É importante compreender que a neurodivergência não se resume aos momentos mais visíveis ou intensos. Existe também nos pequenos desafios acumulados ao longo do dia: no esforço para tolerar um ambiente ruidoso, na ansiedade provocada por mudanças de rotina, na dificuldade em iniciar tarefas simples, no cansaço mental após interações sociais, na necessidade de previsibilidade ou no esforço contínuo para responder às exigências de uma sociedade construída maioritariamente para cérebros neurotípicos.

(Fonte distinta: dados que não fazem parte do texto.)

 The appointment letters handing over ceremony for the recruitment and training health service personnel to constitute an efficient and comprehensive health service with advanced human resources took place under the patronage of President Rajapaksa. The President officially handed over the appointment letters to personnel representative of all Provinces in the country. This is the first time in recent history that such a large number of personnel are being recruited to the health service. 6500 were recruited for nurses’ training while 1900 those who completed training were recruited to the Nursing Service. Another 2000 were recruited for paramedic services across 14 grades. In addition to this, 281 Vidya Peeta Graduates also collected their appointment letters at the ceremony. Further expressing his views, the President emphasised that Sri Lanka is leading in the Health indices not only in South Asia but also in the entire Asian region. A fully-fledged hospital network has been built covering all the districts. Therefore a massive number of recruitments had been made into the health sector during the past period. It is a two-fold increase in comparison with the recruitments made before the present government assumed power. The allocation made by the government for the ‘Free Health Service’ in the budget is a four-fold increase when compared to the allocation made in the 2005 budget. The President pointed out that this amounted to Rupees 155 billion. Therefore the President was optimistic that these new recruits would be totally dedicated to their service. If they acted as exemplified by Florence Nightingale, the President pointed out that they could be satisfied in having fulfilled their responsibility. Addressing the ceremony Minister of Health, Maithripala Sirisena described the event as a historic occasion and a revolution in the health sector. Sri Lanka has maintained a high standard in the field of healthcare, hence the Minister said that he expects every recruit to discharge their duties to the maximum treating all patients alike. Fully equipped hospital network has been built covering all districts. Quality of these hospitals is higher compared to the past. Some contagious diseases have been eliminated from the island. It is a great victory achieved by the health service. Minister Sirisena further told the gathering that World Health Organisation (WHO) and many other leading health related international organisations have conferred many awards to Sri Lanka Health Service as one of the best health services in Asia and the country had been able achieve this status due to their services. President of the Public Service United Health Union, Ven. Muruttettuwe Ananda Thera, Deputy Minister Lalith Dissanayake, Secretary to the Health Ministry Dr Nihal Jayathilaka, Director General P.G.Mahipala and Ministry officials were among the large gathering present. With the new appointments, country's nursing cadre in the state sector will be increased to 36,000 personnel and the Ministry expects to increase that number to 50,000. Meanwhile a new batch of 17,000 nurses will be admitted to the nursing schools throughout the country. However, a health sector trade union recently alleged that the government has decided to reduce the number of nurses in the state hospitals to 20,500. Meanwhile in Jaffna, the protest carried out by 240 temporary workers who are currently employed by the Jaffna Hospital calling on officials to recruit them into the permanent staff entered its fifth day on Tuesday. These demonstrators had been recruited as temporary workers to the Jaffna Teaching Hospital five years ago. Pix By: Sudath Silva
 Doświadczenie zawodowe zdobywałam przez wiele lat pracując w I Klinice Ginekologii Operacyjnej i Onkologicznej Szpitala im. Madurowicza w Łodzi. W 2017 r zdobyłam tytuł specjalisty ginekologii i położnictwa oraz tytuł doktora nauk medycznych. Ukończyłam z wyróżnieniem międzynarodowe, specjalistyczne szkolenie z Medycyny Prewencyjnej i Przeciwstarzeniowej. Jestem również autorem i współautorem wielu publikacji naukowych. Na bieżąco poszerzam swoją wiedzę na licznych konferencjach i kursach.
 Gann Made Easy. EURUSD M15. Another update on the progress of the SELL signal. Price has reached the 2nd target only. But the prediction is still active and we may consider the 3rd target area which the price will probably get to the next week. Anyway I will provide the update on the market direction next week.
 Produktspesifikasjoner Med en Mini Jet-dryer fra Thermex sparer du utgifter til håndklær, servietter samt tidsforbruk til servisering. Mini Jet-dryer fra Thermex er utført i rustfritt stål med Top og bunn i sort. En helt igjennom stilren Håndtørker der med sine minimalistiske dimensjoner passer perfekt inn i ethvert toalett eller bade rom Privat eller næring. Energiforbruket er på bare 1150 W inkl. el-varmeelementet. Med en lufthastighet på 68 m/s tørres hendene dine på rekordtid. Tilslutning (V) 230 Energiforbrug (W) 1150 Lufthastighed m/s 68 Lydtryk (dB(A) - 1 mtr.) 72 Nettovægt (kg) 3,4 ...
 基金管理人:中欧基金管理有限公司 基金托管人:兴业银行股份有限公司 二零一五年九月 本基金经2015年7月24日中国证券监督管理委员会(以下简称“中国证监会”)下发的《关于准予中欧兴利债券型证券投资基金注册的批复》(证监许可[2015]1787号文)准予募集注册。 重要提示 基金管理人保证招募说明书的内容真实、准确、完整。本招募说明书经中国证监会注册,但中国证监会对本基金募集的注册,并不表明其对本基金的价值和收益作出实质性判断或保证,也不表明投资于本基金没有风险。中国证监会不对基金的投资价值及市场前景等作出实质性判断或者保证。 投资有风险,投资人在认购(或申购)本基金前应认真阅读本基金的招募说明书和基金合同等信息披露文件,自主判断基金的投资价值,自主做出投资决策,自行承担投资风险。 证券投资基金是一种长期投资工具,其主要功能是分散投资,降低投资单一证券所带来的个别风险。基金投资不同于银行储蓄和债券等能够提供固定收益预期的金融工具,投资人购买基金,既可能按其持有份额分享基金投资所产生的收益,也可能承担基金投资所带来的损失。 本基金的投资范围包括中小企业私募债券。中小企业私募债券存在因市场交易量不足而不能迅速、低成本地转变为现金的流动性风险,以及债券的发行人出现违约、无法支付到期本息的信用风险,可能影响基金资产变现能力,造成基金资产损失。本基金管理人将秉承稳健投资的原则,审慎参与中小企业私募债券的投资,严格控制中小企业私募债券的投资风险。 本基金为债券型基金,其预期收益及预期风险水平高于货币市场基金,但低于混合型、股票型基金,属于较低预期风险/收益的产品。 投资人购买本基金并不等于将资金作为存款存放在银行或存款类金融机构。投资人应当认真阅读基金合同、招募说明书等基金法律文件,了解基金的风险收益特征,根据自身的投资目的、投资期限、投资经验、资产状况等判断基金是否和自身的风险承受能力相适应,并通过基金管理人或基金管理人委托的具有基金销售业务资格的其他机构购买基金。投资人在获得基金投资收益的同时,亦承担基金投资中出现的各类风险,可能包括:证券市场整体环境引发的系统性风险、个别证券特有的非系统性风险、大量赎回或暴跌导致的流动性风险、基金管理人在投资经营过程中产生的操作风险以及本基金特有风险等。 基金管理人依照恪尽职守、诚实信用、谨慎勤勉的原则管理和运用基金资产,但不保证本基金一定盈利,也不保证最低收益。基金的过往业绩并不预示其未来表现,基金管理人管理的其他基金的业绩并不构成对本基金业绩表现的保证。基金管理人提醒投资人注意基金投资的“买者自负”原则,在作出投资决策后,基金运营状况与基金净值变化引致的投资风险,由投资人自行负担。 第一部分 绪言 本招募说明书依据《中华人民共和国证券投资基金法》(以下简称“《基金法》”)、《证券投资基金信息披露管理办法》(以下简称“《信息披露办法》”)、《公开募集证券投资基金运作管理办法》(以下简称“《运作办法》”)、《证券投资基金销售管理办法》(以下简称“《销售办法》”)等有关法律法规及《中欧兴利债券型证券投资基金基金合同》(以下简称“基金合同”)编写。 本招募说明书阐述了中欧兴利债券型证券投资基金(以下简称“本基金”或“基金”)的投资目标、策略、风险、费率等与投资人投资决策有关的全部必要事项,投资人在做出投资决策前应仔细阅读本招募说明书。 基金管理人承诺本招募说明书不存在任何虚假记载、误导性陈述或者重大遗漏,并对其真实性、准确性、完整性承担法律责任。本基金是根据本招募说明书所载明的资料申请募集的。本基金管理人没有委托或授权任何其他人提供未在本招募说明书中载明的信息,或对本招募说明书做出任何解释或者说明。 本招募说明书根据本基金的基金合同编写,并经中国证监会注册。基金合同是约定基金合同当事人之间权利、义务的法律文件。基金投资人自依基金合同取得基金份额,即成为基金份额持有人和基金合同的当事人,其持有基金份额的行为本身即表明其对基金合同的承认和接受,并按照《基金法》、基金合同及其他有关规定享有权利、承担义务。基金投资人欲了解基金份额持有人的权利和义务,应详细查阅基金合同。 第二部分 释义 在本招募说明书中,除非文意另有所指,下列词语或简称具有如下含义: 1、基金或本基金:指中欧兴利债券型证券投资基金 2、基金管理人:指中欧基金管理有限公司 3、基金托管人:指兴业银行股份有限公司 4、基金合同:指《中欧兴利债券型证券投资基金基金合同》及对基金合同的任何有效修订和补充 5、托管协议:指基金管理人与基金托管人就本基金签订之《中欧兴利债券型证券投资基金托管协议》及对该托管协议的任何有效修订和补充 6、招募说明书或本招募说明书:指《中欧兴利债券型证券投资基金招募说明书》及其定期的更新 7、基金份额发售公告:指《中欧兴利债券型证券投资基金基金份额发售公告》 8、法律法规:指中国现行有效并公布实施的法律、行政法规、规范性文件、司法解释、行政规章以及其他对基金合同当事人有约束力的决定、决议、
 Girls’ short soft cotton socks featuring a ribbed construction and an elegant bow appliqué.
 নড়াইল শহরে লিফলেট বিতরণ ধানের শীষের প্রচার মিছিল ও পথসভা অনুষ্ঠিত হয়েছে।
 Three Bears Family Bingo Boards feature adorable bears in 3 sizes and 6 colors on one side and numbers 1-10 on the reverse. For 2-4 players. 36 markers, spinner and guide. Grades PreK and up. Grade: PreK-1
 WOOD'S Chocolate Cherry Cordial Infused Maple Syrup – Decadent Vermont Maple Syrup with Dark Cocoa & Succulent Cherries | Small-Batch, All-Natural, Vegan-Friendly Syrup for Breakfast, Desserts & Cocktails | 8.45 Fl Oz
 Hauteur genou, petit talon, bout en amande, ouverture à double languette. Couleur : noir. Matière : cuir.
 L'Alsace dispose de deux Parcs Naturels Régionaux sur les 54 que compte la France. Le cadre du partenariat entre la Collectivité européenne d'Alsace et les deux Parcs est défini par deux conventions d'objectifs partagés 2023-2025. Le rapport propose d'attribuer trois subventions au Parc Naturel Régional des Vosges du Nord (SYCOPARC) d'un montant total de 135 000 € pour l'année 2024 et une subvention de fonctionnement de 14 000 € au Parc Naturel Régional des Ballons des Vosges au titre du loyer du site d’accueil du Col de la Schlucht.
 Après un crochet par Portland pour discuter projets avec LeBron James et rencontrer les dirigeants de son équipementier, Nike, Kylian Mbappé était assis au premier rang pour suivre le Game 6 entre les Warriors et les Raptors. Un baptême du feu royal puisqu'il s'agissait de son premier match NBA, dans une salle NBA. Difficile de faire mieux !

Sensibilizar para estas dificuldades invisíveis não significa infantilizar, limitar ou reduzir pessoas ao seu diagnóstico. Significa reconhecer que diferentes formas de funcionamento implicam diferentes necessidades de apoio, compreensão e adaptação. Significa substituir julgamento por empatia. Escuta por suposições. Compreensão por crítica automática.
Nem todas as batalhas deixam marcas visíveis. Algumas acontecem internamente, em silêncio, todos os dias. E muitas vezes, aquilo que uma pessoa neurodivergente mais precisa não é que alguém “corrija” quem ela é, mas sim que exista espaço para ser compreendida sem ter de provar constantemente as suas dificuldades.
Talvez nunca consigamos perceber totalmente a experiência interna do outro. Mas podemos escolher olhar com mais empatia, menos julgamento e maior disponibilidade para compreender aquilo que não se vê. Porque há batalhas invisíveis que merecem ser reconhecidas, respeitadas e acolhidas com a mesma legitimidade que qualquer dificuldade visível.